> _Task directions_:
Return exactly, with nothing added, the lines from the one that contains "SILVER PEARL RANCH" through the end of the listing below, pictures excluded.

> _Data segment_:
((
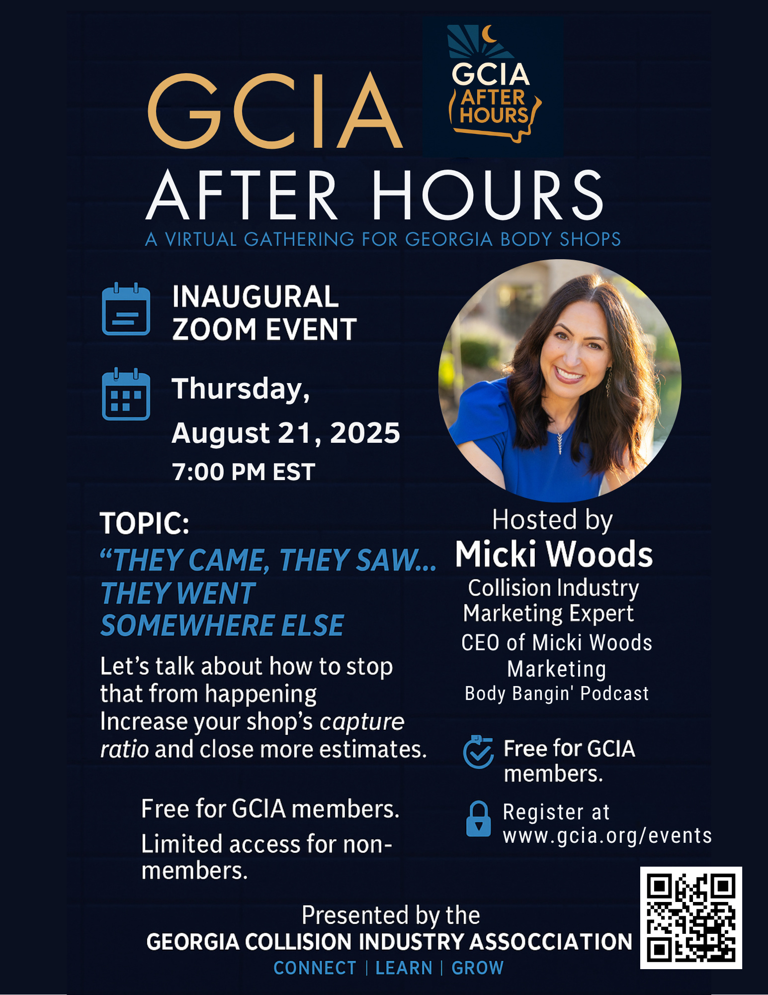 Hosted by industry powerhouse Micki Woods, this is your chance to connect, learn, and grow with fellow Georgia shop leaders—AFTER HOURS.
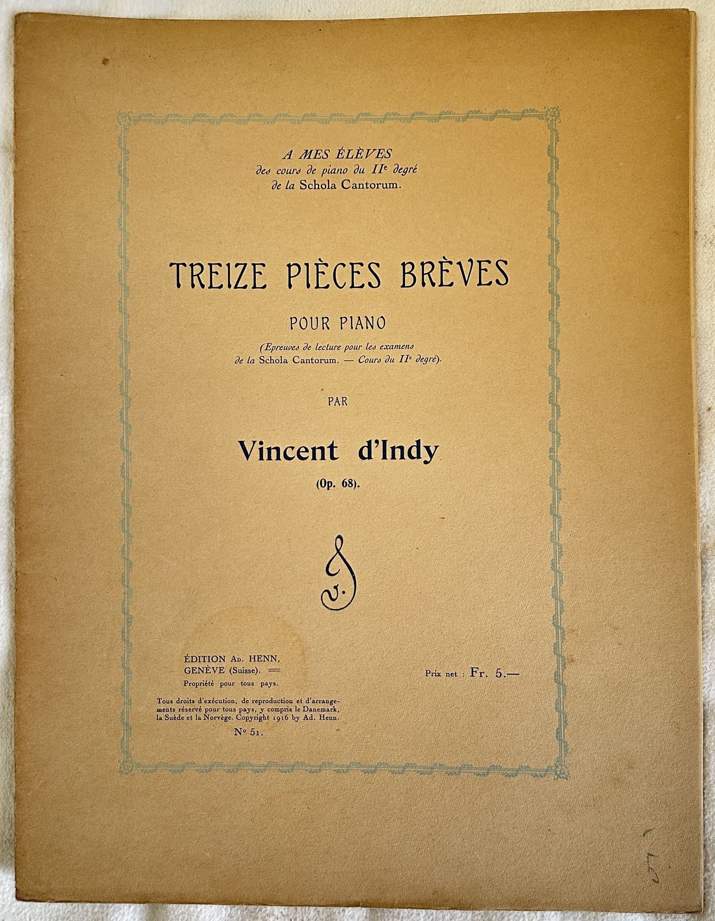 Edizione del 1916 di questo spartito per pianoforte della melodia "Treize pieces breves" dall'opera 68 del compositore francese Vincent D'Indy (1851-1931). In buone condizioni. Copertina editoriale in buone condizioni con lievi usure marginali. Lieve gora d'umidità. Legatura editorialmente assente. Pagine in buone condizioni con rare fioriture. In folio. cm. 32,5x25. Pp. 23Edition of 1916 of this melody for piano "Treize pieces breves" from the work 68 byt he french composer Vincent D'Indy (1851-1931). In good conditions. Editorial cover in good conditions lightly worn in the extremities. Binding editoriarly missing. Pages in good conditions with occasional foxing. In folio. cm. 32,5x25. Pp. 23
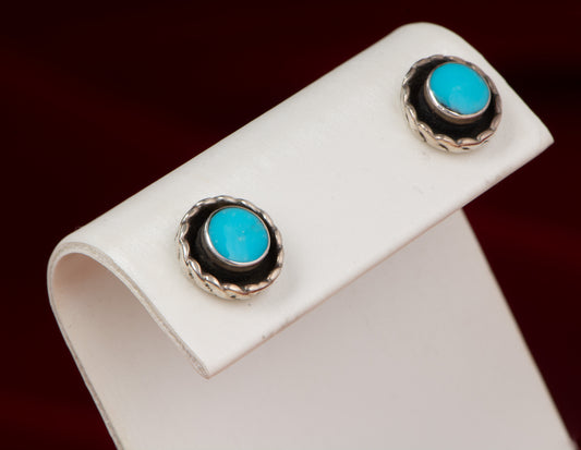 SILVER PEARL RANCH - Small Circle Turquoise and Sterling Stud Earrings
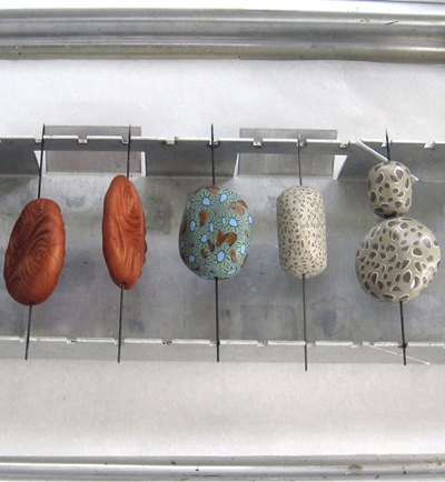 1. Поместите глиняные бусины в лоток для закрепления бусин (см. фото E). Закройте бусины тентом из алюминиевой фольги, чтобы они не пригорели. Выпекайте бусины в тостере, следуя инструкциям производителя. После запекания дайте бусинам полностью остыть.
))
> _Answer to this problem_:
 SILVER PEARL RANCH - Small Circle Turquoise and Sterling Stud Earrings
 1. Поместите глиняные бусины в лоток для закрепления бусин (см. фото E). Закройте бусины тентом из алюминиевой фольги, чтобы они не пригорели. Выпекайте бусины в тостере, следуя инструкциям производителя. После запекания дайте бусинам полностью остыть.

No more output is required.